WORK REQUIRED: When the word "della" appears in a line of the data below, list that line.

Dataset records:
• • • • •
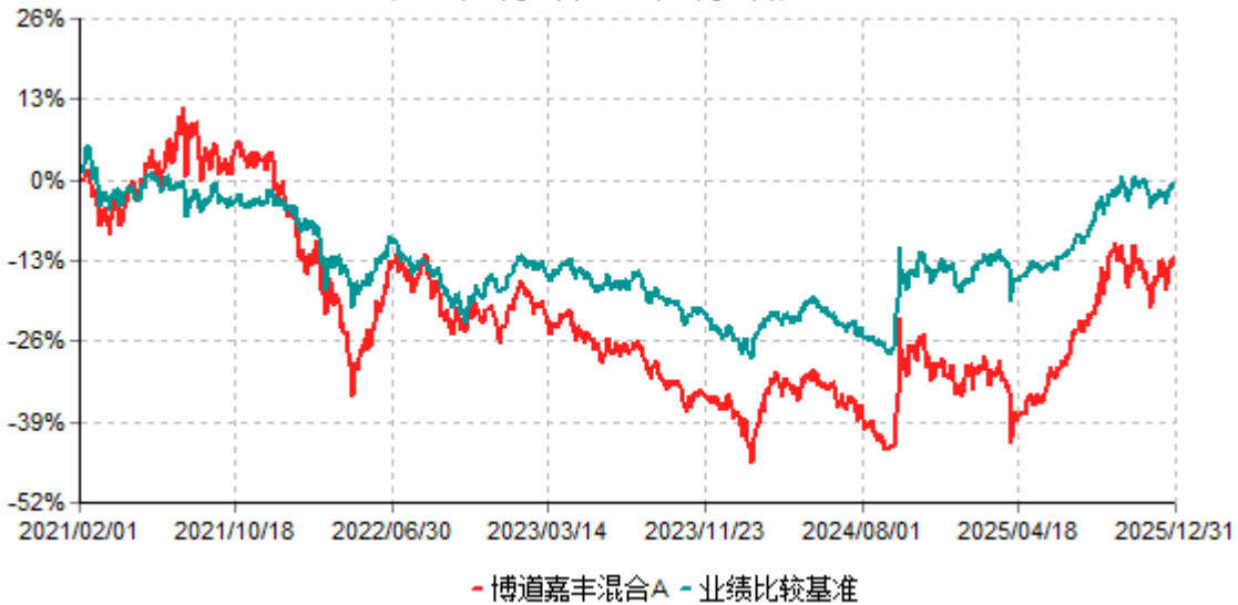
博道嘉丰混合A累计净值增长率与业绩比较基准收益率历史走势对比图 (2021年02月01日-2025年12月31日)

注：本基金建仓期为自基金合同生效日起的6个月。截至建仓期结束，本基金各项资产配置比例符合基金合同及招募说明书有关投资比例的约定。
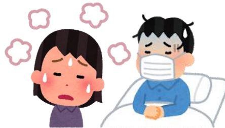
療 養 施 設 利 用 者 自 宅 療 養 患 者
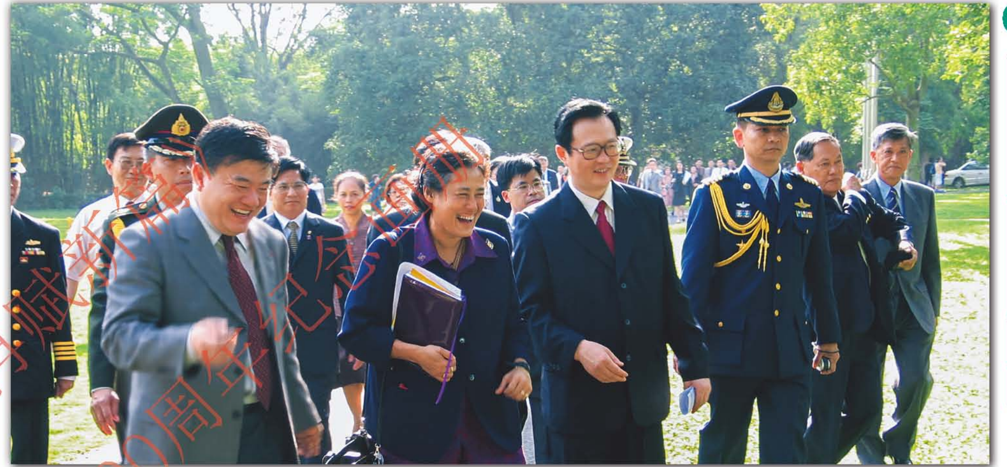
2003年，泰国诗琳通公主（前左二）访问华南植物园
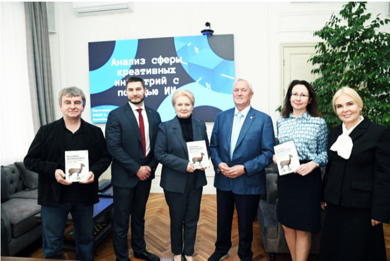
На площадке Профессорского клуба Ростовского государственного экономического университета (РИНХ) состоялась рабочая встреча студентов и наставников Центра искусственного интеллекта РГЭУ (РИНХ).

17 сентября в Профессорском клубе Ростовского государственного экономического университета (РИНХ) произошло значимое событие – подписание соглашения с ПАО КБ «Центр-инвест» об открытии Центра искусственного интеллекта.
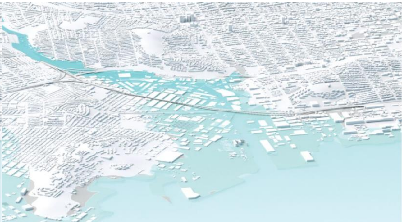
Futuros retos medioambientales
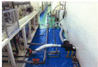
仮配管にて動作確認
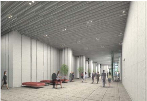
1階／オフィスエントランスホール
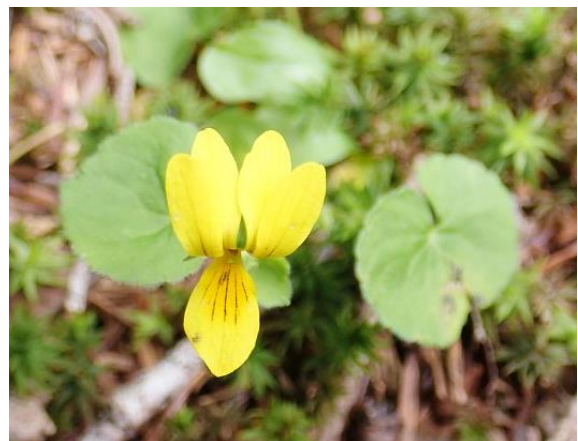
キバナノコマノツメ (葉が馬の蹄の形)
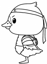
みやぎハローワークキャラクター「ガンちょーさん」
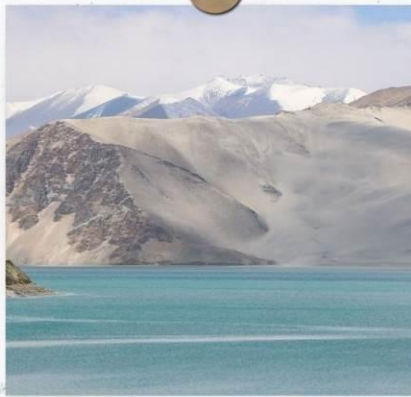
ทะเลสาบไ้ซาหุ
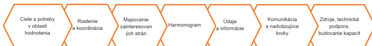
Obrázok 1 – Minimálna štruktúra plánu hodnotenia
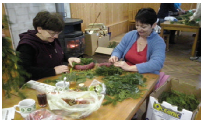
Ve vánoční atmosféře nám šla práce od ruky
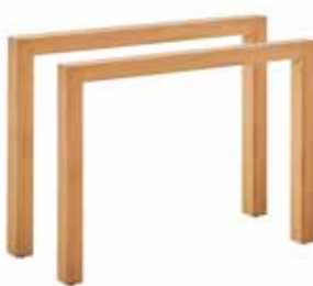
Palermo Beine-Paar – Premium Teak
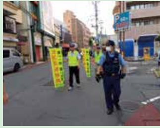
夏の交通安全運動の活動の一環として長野市内の繁華街で飲酒運転根絶を呼びかけた。(長野)

交通安全協会は、交通事故をなくすため、様々な活動を行っています。活動の一例を紹介します。
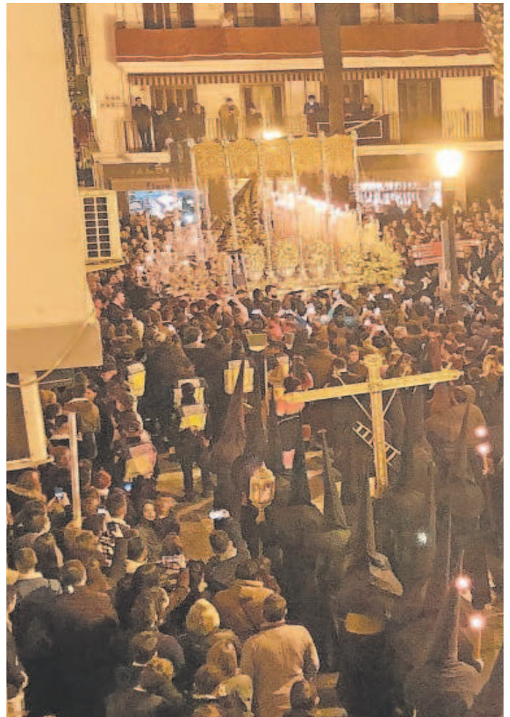
El cruce de la Esperanza de Triana con el Gran Poder en San Pablo

Por otro lado, y en un tono mucho más colaborativo, San Roque y la Amargura tratarán de fijar unos horarios y un ritmo de paso que garanticen a esta última la salida en hora de la Catedral. El ritmo de la de San Juan de la Palma era alto al regreso al no tener a nadie por delante. Y, tradicionalmente, el de San
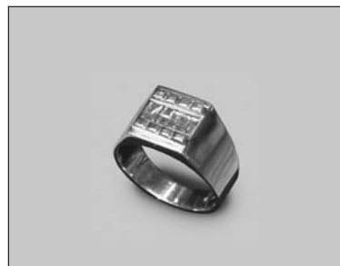
Az Életmű-díjasok emlékgyűrűje
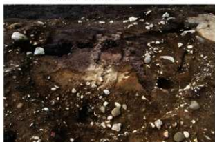
S110017 炉掘方・住居掘方完掘状況(北西から)
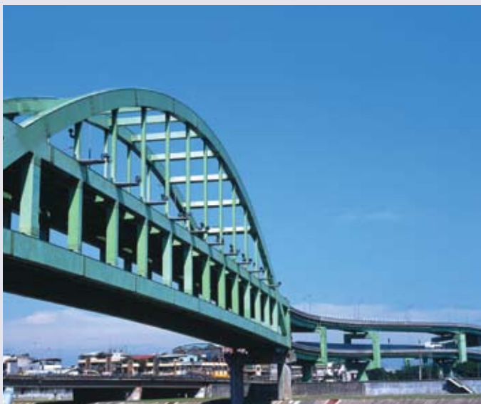
「愛台12建設」從各種軟硬體著手，改善台灣的發展體質。

關於眾所矚目的「桃園航空城」建設，我們已經公布施行「國際機場園區發展條例」，規劃成立國營國際機場園區股份有限公司進行經營。事實上，等到第一航廈改善工程完工之後，大家就會看到一個嶄新的、氣派的國家門面，讓我們可以迎接來自世界各地的訪客。
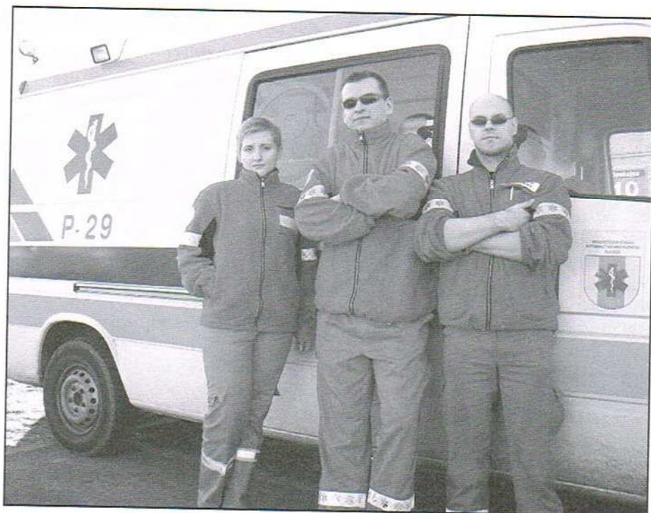
Karetka P - 29 i jej załoga
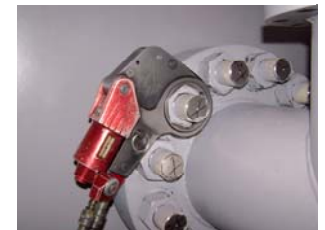
Série « XLCT »
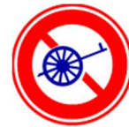
禁止自行车以外的轻型车辆通行
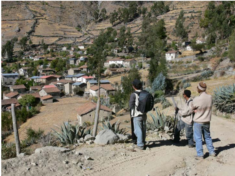
El equipo durante el rodaje. Al fondo, la comunidad.
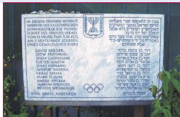
Stele commemorativa della strage di Monaco, 1972.

I difficili rapporti tra la Cina popolare e Taiwan riemersero, vent'anni dopo Melbourne, durante le Olimpiadi di Montreal del 1976. Taiwan infatti pretese di sfilare dietro il cartello "Republic of China", richiesta del tutto inaccettabile per la Cina popolare, che pose una drammatica alternativa. A sostegno di Taiwan si schierarono gli Stati Uniti, che giunsero a minacciare addirittura un clamoroso ritiro dall'Olimpiade, se Taiwan non fosse stata ammessa. Alla fine prevalse la decisione imposta dal Canada, che, non riconoscendo Taiwan, di fatto la esclude dall'Olimpiade, in nome della ragion di stato, che esigeva che venissero man-
• • • • •
OUTPUT OF THE TASK:
Stele commemorativa della strage di Monaco, 1972.
I difficili rapporti tra la Cina popolare e Taiwan riemersero, vent'anni dopo Melbourne, durante le Olimpiadi di Montreal del 1976. Taiwan infatti pretese di sfilare dietro il cartello "Republic of China", richiesta del tutto inaccettabile per la Cina popolare, che pose una drammatica alternativa. A sostegno di Taiwan si schierarono gli Stati Uniti, che giunsero a minacciare addirittura un clamoroso ritiro dall'Olimpiade, se Taiwan non fosse stata ammessa. Alla fine prevalse la decisione imposta dal Canada, che, non riconoscendo Taiwan, di fatto la esclude dall'Olimpiade, in nome della ragion di stato, che esigeva che venissero man-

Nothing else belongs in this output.